Late Birthday Musings

It’s been hard for me to talk about my age & now, the next BIG birthday has finally come. The anxiety around it isn’t just the number itself or appearances. It’s the realization that not only is the list of what I want to do in this lifetime still long, my life has felt on hold, esp. as a homeroom teacher. For 2 years I stopped dancing, writing & submitting for publication. The beginning of the past decade was a flourishing, a blossoming. The end stagnation. Slowly, I’ve been gifting myself:

✨Rereading Emerson, then The Artist’s Way, A Return to Love, Big Magic, Refuse to Choose, & more.

✨ New glasses so I could “see” clearly, back to my signature red.

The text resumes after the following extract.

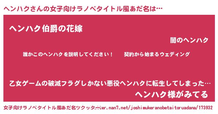 | ファンタジー風あだ名 | 『ヘンフェル』『エターナルヘンハクー』 |
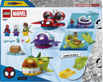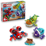 ¡Sumérgete en el mar con Spidey y Ghost-Spider para impedir que Doc Ock se robe el tesoro! Puedes desplazarte en fantásticos submarinos: el submarino cangrejo de Spidey tiene una trampa de telarañas gigante, el submarino tortuga de Ghost-Spider tiene un caparazón que se abre y el submarino ballena de Doc Ock tiene cañones… ¡y espacio para esconder el tesoro robado!

New stones, Mexican matrix opal & sodalite.

✨Sang my heart out with Noam Enbar at his Howl workshops and mystical forest retreat to make my voice heard, shed what no longer serves me, show my true colors.

✨Returned dance to my life with Itay Ganot , a shift of consciousness through movement & Ella Greenbaum , a return home to Gnawa rhythms.

✨Started cello lessons and it feels like I was born to hold this instrument in my hands, feel its strings vibrating in my heart.

✨ Reinstated spiritual practices. I’ve gone to energetic healing: “For all the times I’ve stayed, even when it wasn’t good for me, please forgive me.”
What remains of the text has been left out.